▶ _Task_
The listing below holds pictures; exclude them. Return exactly the lines from the one with "The Richard Petty" through the one with "La última jornada".

▶ _Data under study_
Content starts

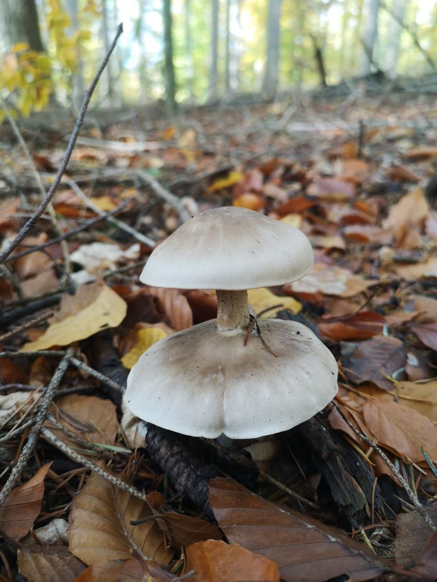 Das ist nicht so selten. Die sind Folgezersetzer und wenn in einer dicken Laubschicht zufällig zwei Fruchtkörper übereinander gebildet werden, dann hebt der Untere den Oberen hoch.
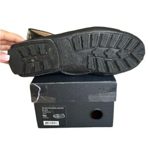 Elegant black loafers shoes,made from soft, grain genuine leather. Thanks to the unique design of the rubber sole, you’ll feel comfortable all day long—just like wearing slippers at home! The shoes are incredibly comfortable, featuring a soft leather insole and a gold buckle. These shoes are perfect for any occasion.” Pre owned. The shoes are in excellent condition, but the right one has a scratch that is slightly larger than an inch. Original box.Feel free to ask any questions.
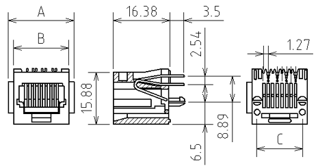 Для TJ3-6P4C А=16 мм, В=13,5 мм, С=10,2 мм.
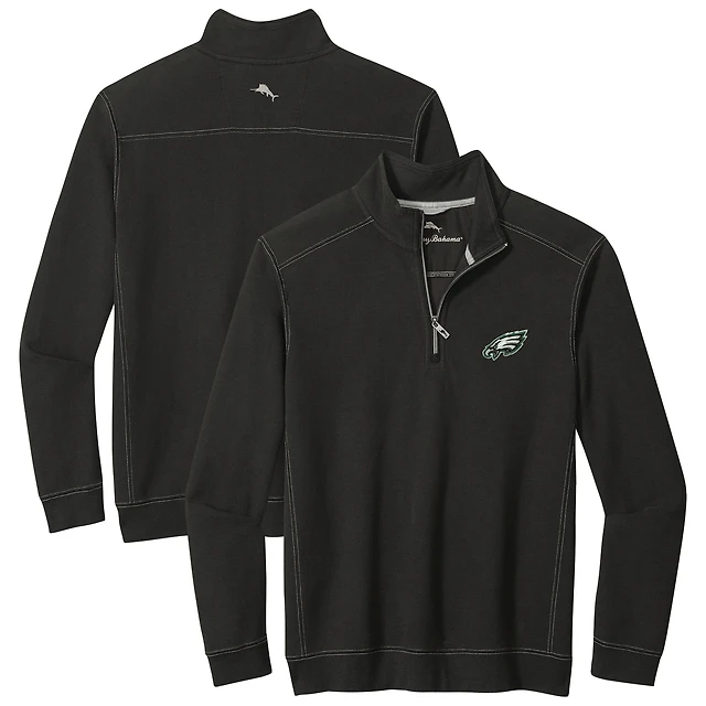 Pull Tommy Bahama noir pour homme, coupe grande et grande, style demi-zippé, des Philadelphia Eagles, Montego Bay
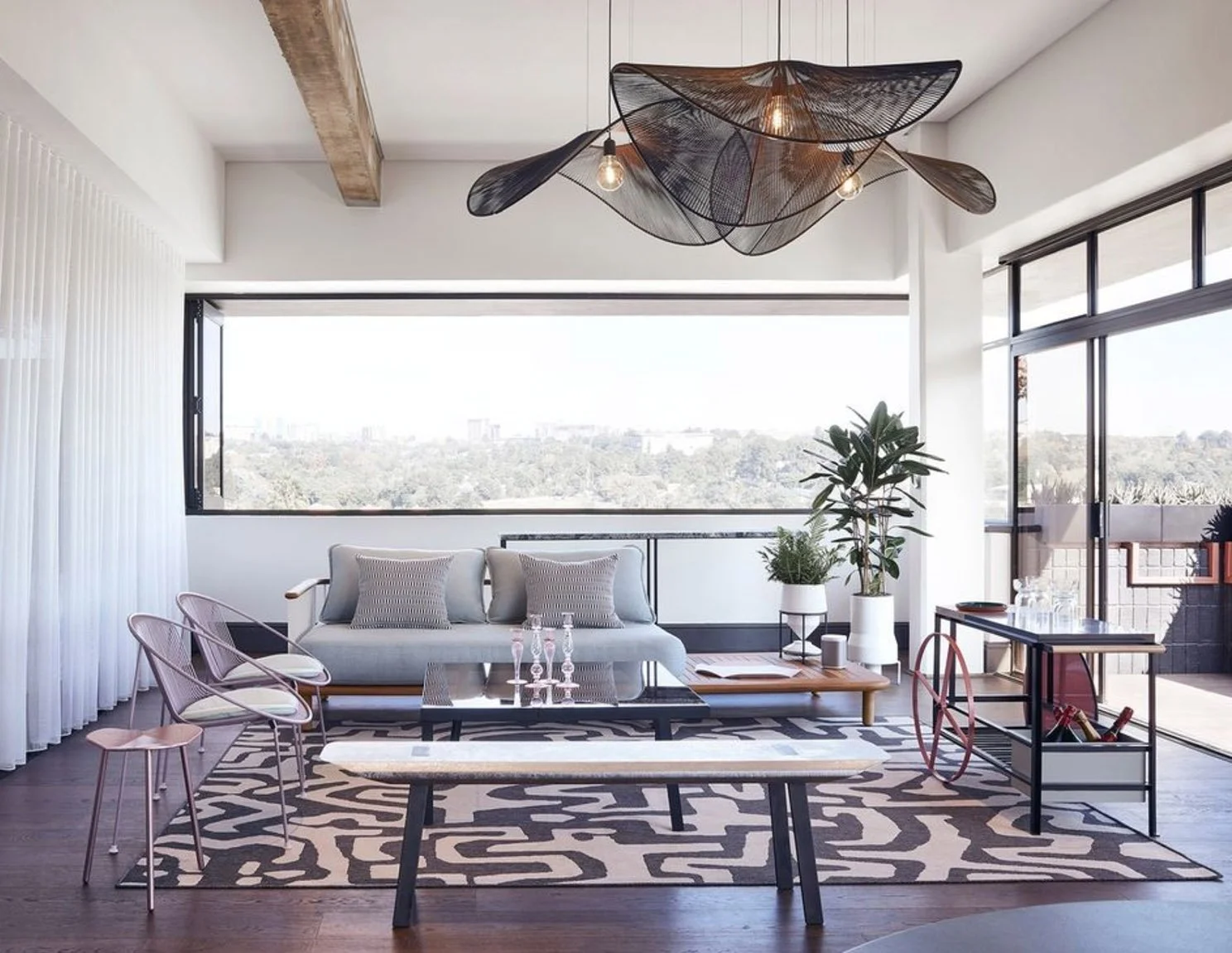FIVE Double volume space with 3 x small, 3 x medium & 2 x large pendants (ceiling height: 5400mm)
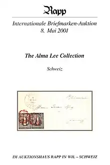 Auction catalogue for the sale of the Alma Lee Collection of Swiss stamps, May 2001.
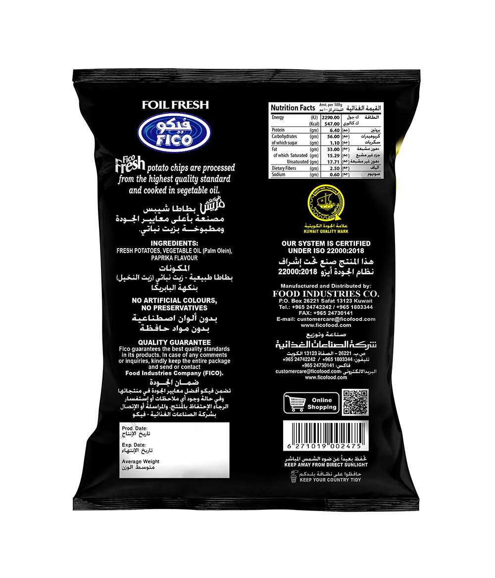 Fresh Potatoes, Vegetable Oil, Natural Paprika Flavour, Natural Flavours without Artificial Colours.
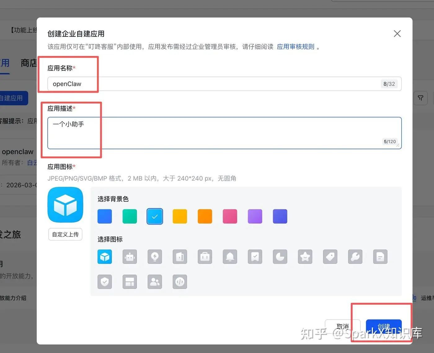 在弹出的内容中输入名称,描述,并确定就可以创建应用了
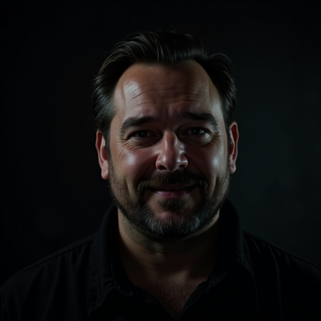 Three-quarter close-up portrait of a stunningly handsome 30-year-old man with an overweight figure and a striking face, exuding a curious and friendly expression. He has a tidy goatee and well-kept hair. The background is oppressive and contrasting, with dramatic backlighting creating an intense atmosphere. The setting conveys a sense of gloom and horror, making the man's friendly demeanor even more pronounced. The scene is captured in a cinematic style from a low angle with a DSLR, using an aperture of f/7, a shutter speed of 1/100 sec, and ISO 150. The image is hyper-detailed and photorealistic, highlighting natural reflections and cinematic lighting. Despite this, the composition remains clear and focused, avoiding any deformations, unnatural proportions, or visual artifacts that would detract from the man's engaging presence.
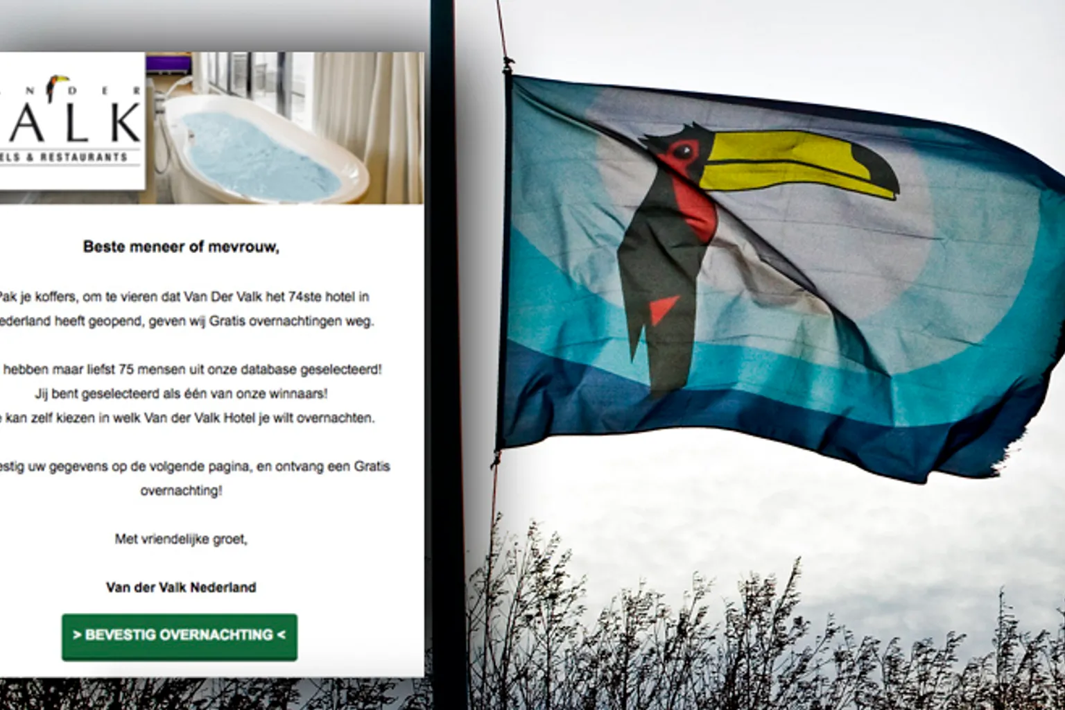 Mail over hotelovernachting bij 'Van der Valk' is een valse winactie
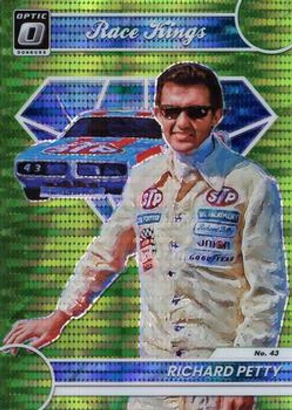 The Richard Petty 2023 Donruss NASCAR #1 Optic Lime Green Pulsar card is 1 of 158 Richard Petty's card variations in the 2023 Donruss NASCAR set being tracked by Sports Card Investor, including #159 Base, #74 Base, #37 Base, #1 Base, and #1 Carolina Blue.
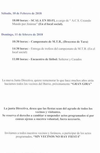La última jornada festiva será la del domingo 11 de febrero, día en que se celebrará el campeonato de MTB (10.30 horas) y, casi de manera simultánea, el partido de fútbol entre solteros y casados del barrio (11.00 horas).
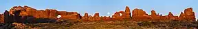 The Colorado Plateau varies from the large stands of forests in the west, including the largest stand of ponderosa pine trees in the world, to the Mesas to the east.[29] Although not called a desert, the Colorado Plateau is mostly made up of high desert. Within the Southwest U.S. region, the Colorado is bordered to the south by the Mogollon Rim and the Sonoran Desert, to the west by the Mojave Desert, and to the east by the Rocky Mountains, the Rio Grande Rift valley, and the Llano Estacado.[25] The Plateau is characterized by a series of plateaus and mesas, interspersed with canyons.[25] The most dramatic example is the Grand Canyon.[30] But that is one of many dramatic vistas included within the Plateau, which includes spectacular lava formations, "painted" deserts, sand dunes, and badlands.[31] One of the most distinctive features of the Plateau is its longevity, having come into existence at least 500 million years ago.[32] The Plateau can be divided into six sections, three of which fall into the Southwest region. Beginning with the Navajo section forming the northern boundary of the Southwestern United States, which has shallower canyons than those in the Canyonlands section just to its north; the Navajo section is bordered to the south by the Grand Canyon section, which of course is dominated by the Grand Canyon; and the southeasternmost portion of the Plateau is the Datil section, consisting of valleys, mesas, and volcanic formations.[33] Albuquerque is the most populous city often considered at the edge of this portion contained in the Southwest region, but Santa Fe, New Mexico and Flagstaff, Arizona, are also significant population centers.
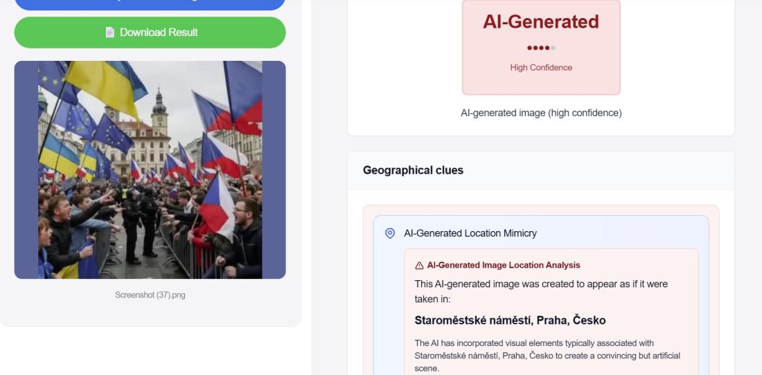 Podle dalšího nástroje na rozpoznání umělé inteligence Image Whisperer záběr velmi pravděpodobně vznikl s pomocí AI. Podle tohoto nástroje výjev na snímku napodobuje pražské Staroměstské náměstí.
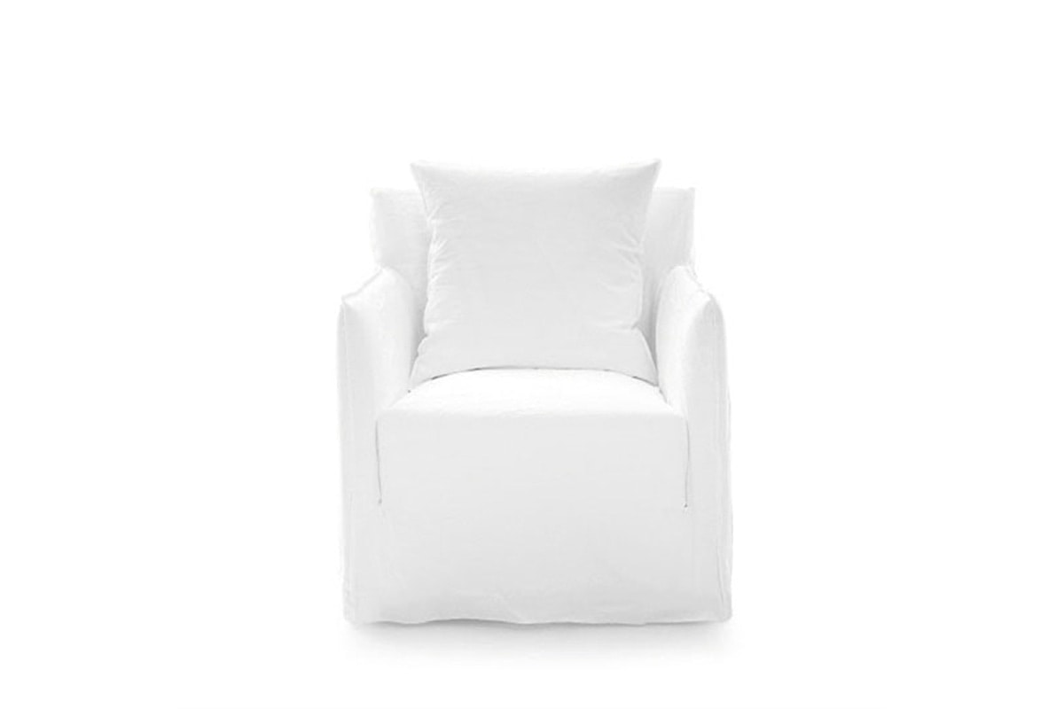 GERVASONIを代表するアイコニックなソファ・チェアのシリーズ、GHOST(ゴースト)のアームチェア。 カバーをすっぽりと被った佇まいは、シンプルでありながらエレガントなデザインです。カバーは簡単に着せ替えが可能で、非常に豪華な外観になるブロッケード生地や、極端にミニマルになる白いリネンなど、ファブリックによって空間の雰囲気を大きく変えることができます。

Content ends

▶ _Reply_
 The Richard Petty 2023 Donruss NASCAR #1 Optic Lime Green Pulsar card is 1 of 158 Richard Petty's card variations in the 2023 Donruss NASCAR set being tracked by Sports Card Investor, including #159 Base, #74 Base, #37 Base, #1 Base, and #1 Carolina Blue.
La última jornada festiva será la del domingo 11 de febrero, día en que se celebrará el campeonato de MTB (10.30 horas) y, casi de manera simultánea, el partido de fútbol entre solteros y casados del barrio (11.00 horas).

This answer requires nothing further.